2005 IMO Shortlist Problems/A1

Problem

Find all monic polynomials $\displaystyle p(x)$ of degree two for which there exists an integer polynomial $\displaystyle q(x)$ such that $\displaystyle p(x)q(x)$ is a polynomial having all coefficients $\pm 1$.


This was also the last problem of the final round of the 2006 Polish Mathematics Olympiad.

Solution

Since the constant term of $p(x)q(x)$ is $\pm 1$, and $p(x)$ and $q(x)$ both have integral constant terms, the constant term of $p(x)$ must be $\pm 1$.

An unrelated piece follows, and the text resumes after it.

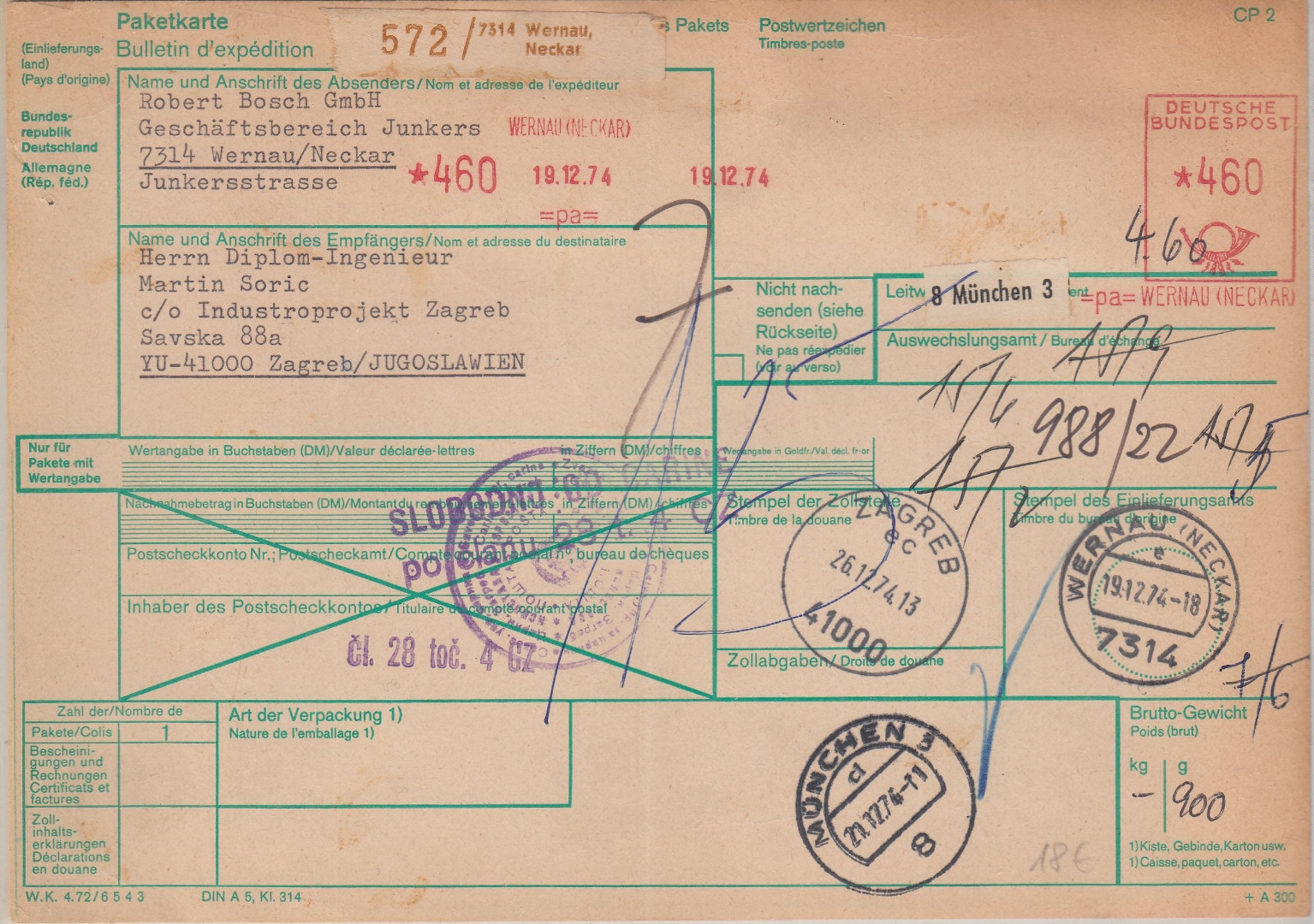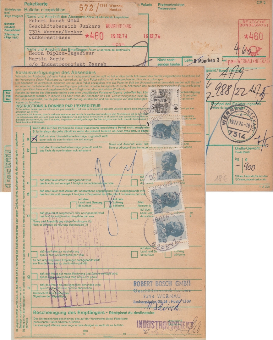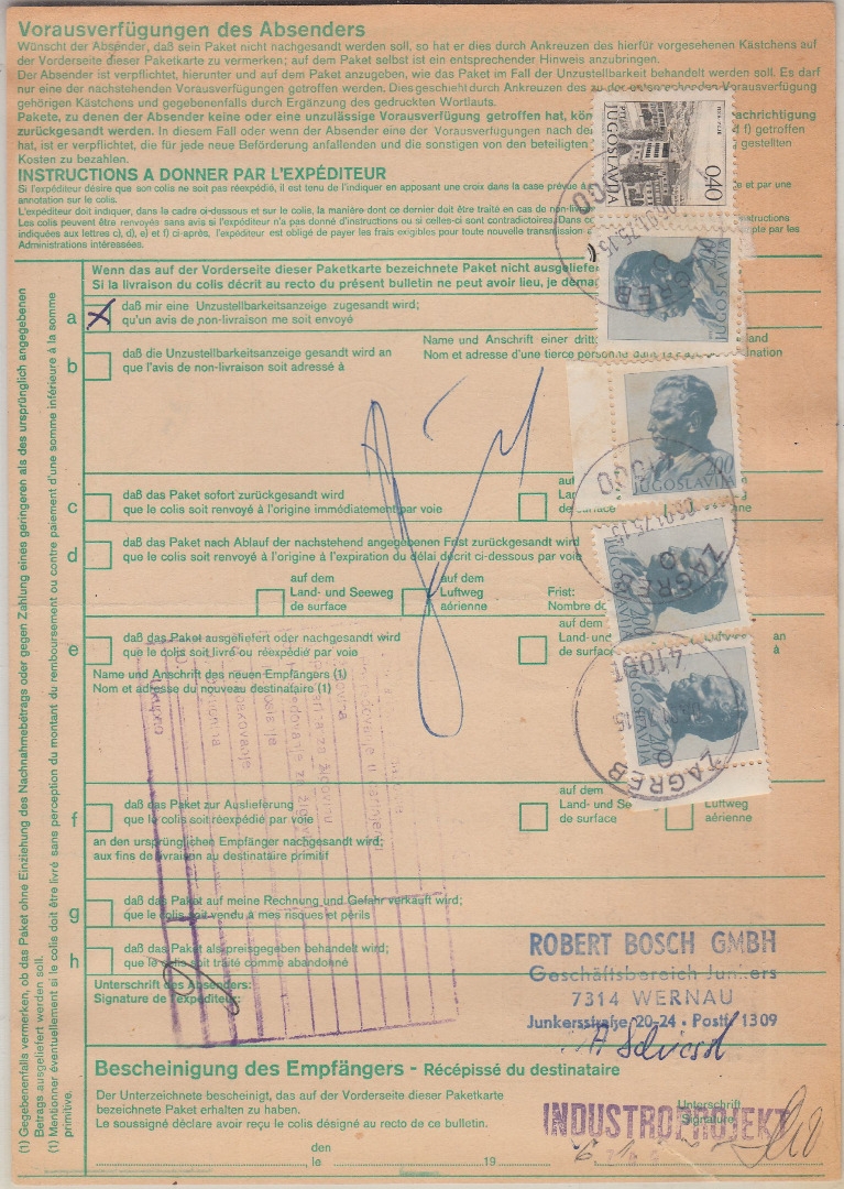 gelaufen n. Zagreb - rs. jugosl. Aushändigungsgebühr
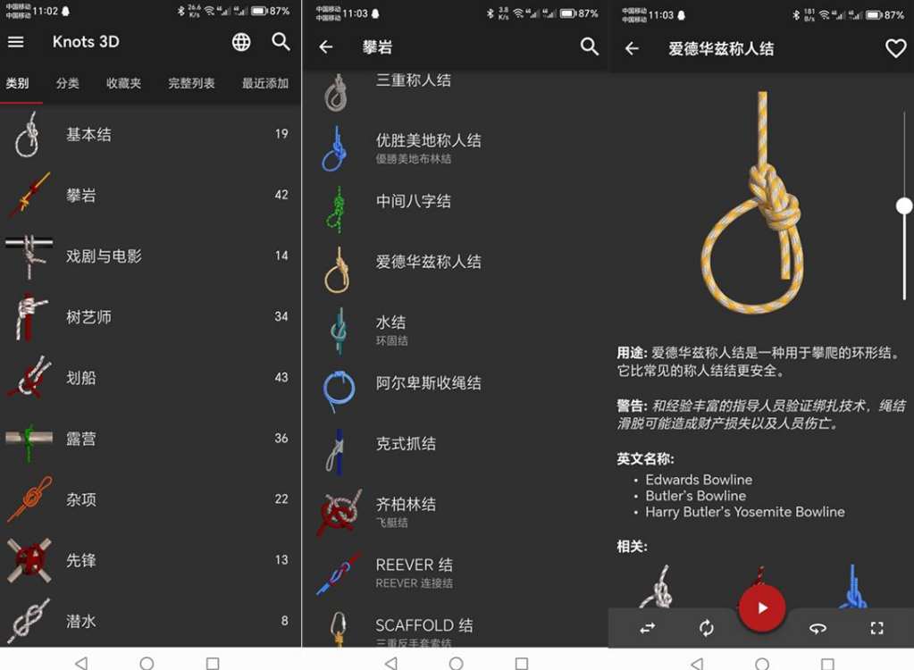 knots 3d付费版是火遍全球70多个国家和地区的一款绳结学习应用程序,又名3d绳结高级版,通过可以用它使用3D视图多角度观看和学习各种绳结的打法,并熟练运用在生活中,可支持中文、丹麦语、荷兰语、英语、法语、德语、希伯来语、日语等本地化语言,根据类别、类型、收藏等分类帮助用户随时查看自己想要学习的绳结教程。同时很多第一次用这款绳结打法软件的朋友都将被其实用的功能吓一跳,无论是360度旋转绳结、3D视图,还是放大绳结观察细节等在这里都可以满足你,因此被全世界的园艺师、渔民、消防员、登山者、军人和童子军所喜爱并推荐。

We note that for $|z| \ge 2$, $n \ge 2$ ($n \in \mathbb{N}$), we have

$|z|^n > \frac{|z|^n -1}{|z|-1} = \sum_{i=0}^{n-1}|\pm z|^i \ge \left| \sum_{i=0}^{n-1} \pm z^i \right|$

Since we must have $|z^n| = | p(x)q(x) - z^n |$ when $n$ is the degree of $p(x)q(x)$ and $z$ is a root thereof, this means that $p(x)q(x)$ cannot have any roots of magnitude greater than or equal to 2.

Now, if $p(x) = x^2 + kx + 1$, then we cannot have $|k| \ge 3$, for then one of the roots would have magnitude $\frac{|k| + \sqrt{k^2 - 4}}{2} \ge \frac{3 + \sqrt{3^2 - 4}}{2} > 2$, and similarly, if $p(x) = x^2 +kx - 1$, then we cannot have $|k| \ge 2$, for then one of the roots would have magnitude $\frac{|n| + \sqrt{n^2+4}}{2} \ge \frac{2 + \sqrt{2^2 + 4}}{2} > 2$.

This leaves us only the possibilities $p(x) = x^2 \pm 1,\; x^2 \pm x \pm 1,\; x^2 + 2x + 1,\; x^2 - 2x + 1$. For these we have respective solutions $q(x) = x+1,\; 1,\; x - 1,\; x + 1$. These are therefore the only solutions, Q.E.D.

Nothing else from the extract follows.